In the current study, the mean age was highly significant higher in HCC (62 ± 6.9 years) and liver cirrhosis (58.6 ± 4.5 years) groups than in the control group (35.5 ± 8.9 years), and no significant difference between group of HCC (62 ± 6.9 years) and group of liver cirrhosis (58.6 ± 4.5 years). Our results are close to Paranaguá-Vezozzo et al. [8], who reported that the mean age was 59 years old in HCC and cirrhotic group with no significant difference. In contrast to our results, Baghdady et al. [9] reported that the mean age was highly significantly higher in HCC group (58.7 ± 5.76) than in non-HCC group (46.72 ± 9). Our results showed that HCC was highly prevalent in males. Group of HCC included 25 (83.3%) males and five (16.7%) females, with male to female ratio of 5:1, whereas in cirrhotic group, 17 (56.7%) were males and 13 (43.3%) were females. Our results agreed with Liu et al. [10], who reported an overall male-to-female ratio in age-standardized rate of 3.55. The sex ratio was below 2 at ages less than 25 years, increased with age from 25 to 29 years until peaking at 5.40 at ages 50–54 years, and declined thereafter.

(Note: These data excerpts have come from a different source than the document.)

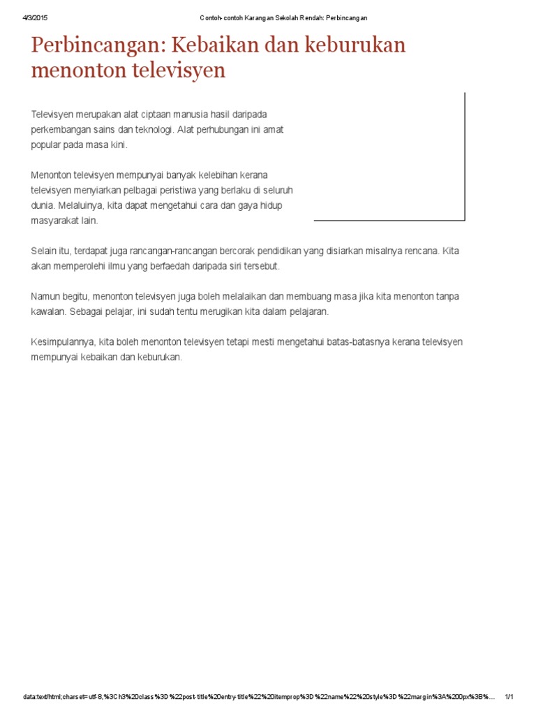 Contoh Contoh Karangan Sekolah Rendah Perbincangan Kebaikan Dan Keburukan Menonton Televisyen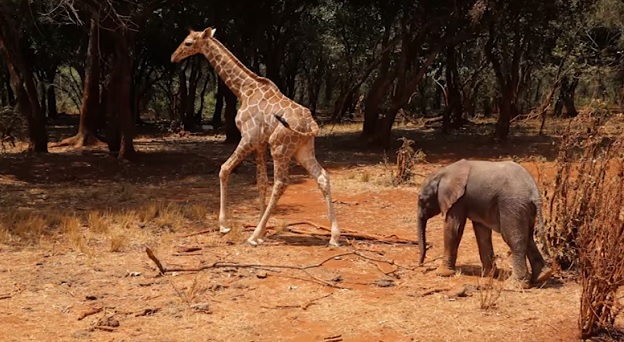 A BABY giraffe and an infant elephant have become best friends after being rescued by a wildlife charity.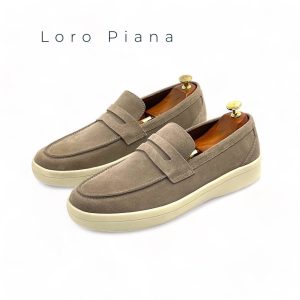 LORO PIANA лоферы низкие замша с белой высокой подошвой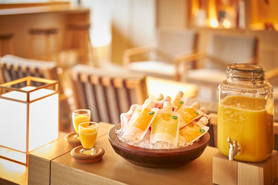 絞り方や凍結技術に定評のある国産の柑橘飲料「AJIOH 食べるより美味しい冷凍ジュース」。温泉旅館で滞在中のお客様に、湯上がりや食後などにお飲みいただけるドリンクとして提供いたします。これまで、お客様に提供している通常のドリンクに加えることで、飲む楽しさ、選ぶおもしろさ、逸品に出会う喜びを増やします。国産農林水産物の事業者とともに生み出す、温泉旅館での旅情を盛り上げるおもてなしです。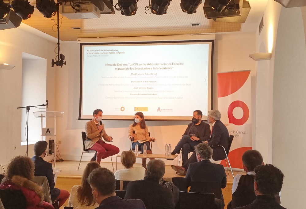 La regidora de Contractació, Lorena Zamorano, junt Francesc R. Valls Pascual, Tècnic d’Administració General de l’Oficina de Fons Europeus de l’Ajuntament d’Alcoi, han assistit a la jornada en la qual el citat T.A.G. ha participat com a ponent en la taula de debat titulada: «La CPI en les Administracions Locals: el paper dels secretaris i interventors», que va estar moderada per la subdirectora General. S. G. de Foment de la Innovació del Ministeri de Ciència i Innovació; Amanda Gil i en la qual també van intervenir el secretari municipal de l’Àrea Il de l’Ajuntament de València; José Vicente Ruano i el director general d’Innovació i Emprenedoria de l’Ajuntament de Madrid; Fernando Herrero Acebes.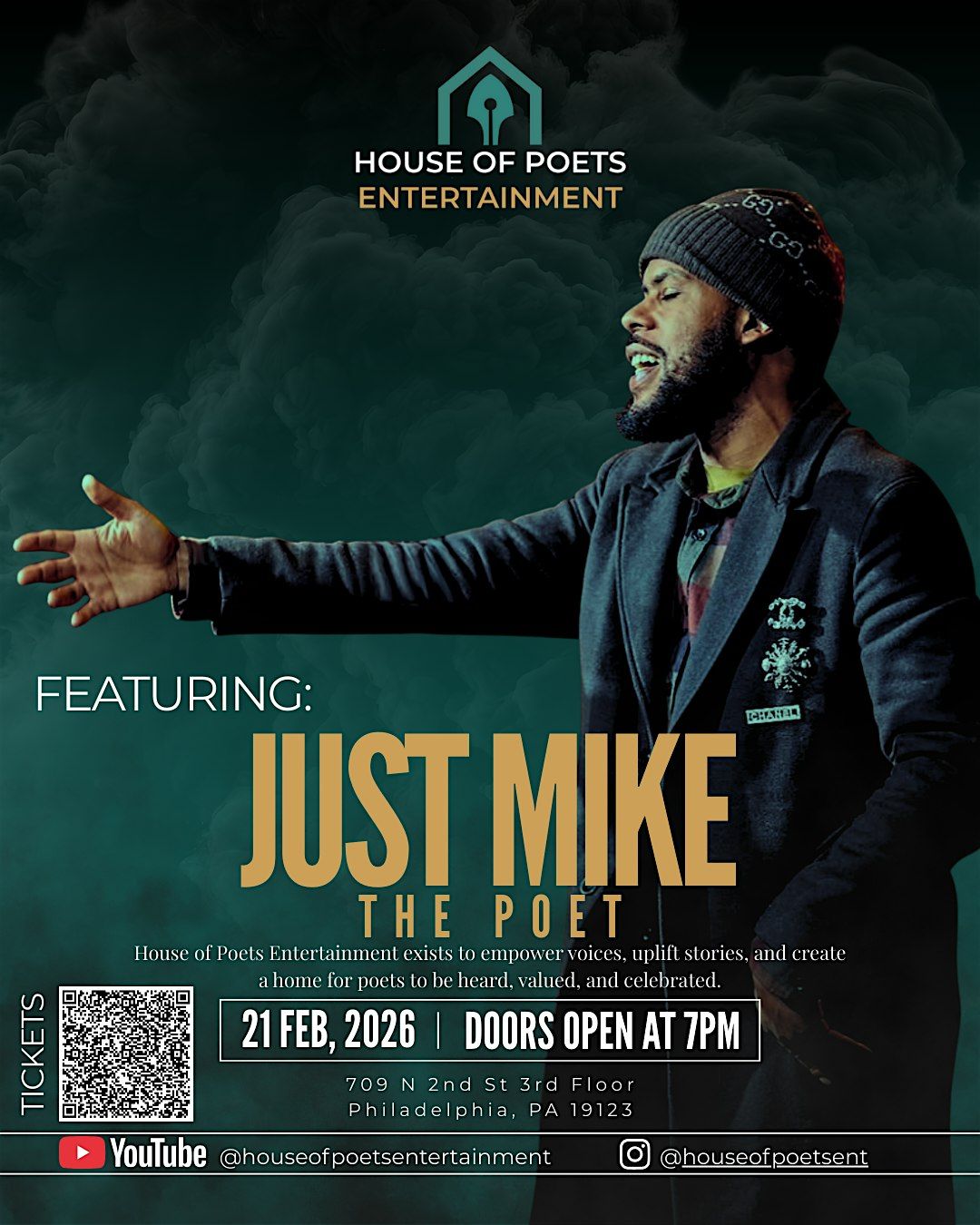 Get ready for an unforgettable in-person experiance where words come alive! HOUSE OF POETS is a full service entertainment company for poets & the art of poetry. Whether you're a seasoned poet, just starting out or just curious, this event promises a chill atmosphere filled with inspiration and cool people. Don't miss out on the chance to connect, create, and celebrate the power of poetry together!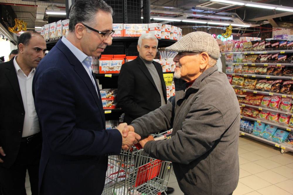 وجال م. القضاة يرافقه رئيس غرفة تجارة الأردن العين خليل الحاج توفيق وعدد من مسؤولي الوزارة في أجنحة المحلات التجارية والأسواق التي زارها واستفسر من المتسوقين عن وفرة السلع وأسعارها وتعدد الخيارات من ذات السلع.

Our study showed regarding platelet count that there was a highly significant difference between HCC group and control group and between cirrhotic group and control group, being lower platelet count in HCC and cirrhotic groups, with no significant difference between HCC and cirrhotic groups, and regarding hemoglobin concentration, it showed significant difference between HCC and cirrhotic groups and highly significant difference between cirrhotic group and control group, being lower hemoglobin concentration in cirrhotic group. Our results were in agreement with Omar et al. [11], who showed that the mean hemoglobin concentration was highly significantly lower in cirrhotic group than HCC group (P = 0.001) and showed no significant difference regarding the mean platelet count between HCC group and cirrhotic group. In contrary to our results, Paranaguá-Vezozzo et al. [8] showed that the mean platelet count was significant lower in HCC group than cirrhotic group (P = 0.02).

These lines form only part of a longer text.